Text-guided Fine-Grained Video Anomaly Understanding¶
People¶
|
|
|
|
1University College London, 2United Arab Emirates University
CVPR 2026 SVC Workshop
Resources¶
Bibtex
@inproceedings{gu2026tvau,
author = {Gu, Jihao and Li, Kun and Wang, He and Ak{\c{s}}it, Kaan},
title = {Text-guided Fine-Grained Video Anomaly Understanding},
booktitle = {Proceedings of the IEEE/CVF Conference on Computer Vision and Pattern Recognition (CVPR) Workshops, 2nd Workshop on Subtle Visual Computing (SVC)},
year = {2026},
address = {Denver, CO, USA}
}
Abstract¶
Subtle abnormal events in videos often manifest as weak spatio-temporal cues that are easily overlooked by conventional anomaly detection systems. Existing video anomaly detection approaches typically provide coarse binary anomaly decisions without interpretable evidence, while large vision-language models (LVLMs) can produce textual judgments but lack precise localization of subtle visual signals. To address this gap, we propose Text-guided Fine-Grained Video Anomaly Understanding (T-VAU), a framework that grounds subtle anomaly evidence into multimodal reasoning.
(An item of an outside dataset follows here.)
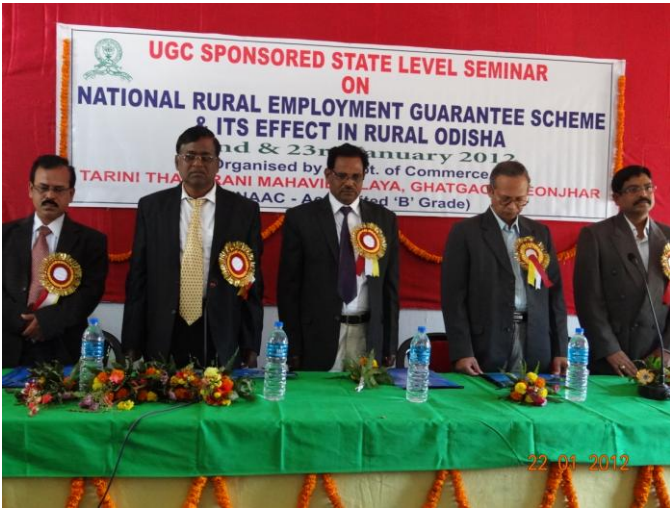
State Level Seminar Dept. of Commerce

Specifically, we introduce an Anomaly Heatmap Decoder (AHD) that performs visual-textual feature alignment to extract pixel-level spatio-temporal anomaly heatmaps from intermediate visual representations. We further design a Region-aware Anomaly Encoder (RAE) that converts these heatmaps into structured prompt embeddings, enabling the LVLM to perform anomaly detection, localization, and semantic explanation in a unified reasoning pipeline. To support fine-grained supervision, we construct a target-level fine-grained video-text anomaly dataset derived from ShanghaiTech and UBnormal with detailed annotations of object appearance, localization, and motion trajectories. Extensive experiments demonstrate that T-VAU significantly improves anomaly localization and textual reasoning performance on both benchmarks, achieving strong results in BLEU-4 metrics and Yes/No decision accuracy while providing interpretable pixel-level spatio-temporal evidence for anomaly understanding.
Proposed Method¶
Model Design¶
The proposed T-VAU model. The framework consists of three modules:
-
Text Encoder (\(E_t\)) that generates class-specific text embeddings \(\mathbf{S}_c\) from binary prompts
-
Anomaly Heatmap Decoder (AHD) that fuses \(\mathbf{S}_c\) with visual features \(\mathcal{V}\) to produce spatio-temporal pixel-level anomaly heatmaps \(\mathbf{H}\)
-
Region-aware Anomaly Encoder (RAE) that projects \(\mathbf{H}_c\) into the LoRA-tuned LVLM semantic space and integrates it with video \(\mathcal{V}\) and a sequence of incrementally refined questions \(\mathbf{Q}_{\leq t}\) to yield the final anomaly understanding response \(\mathbf{A}_t\)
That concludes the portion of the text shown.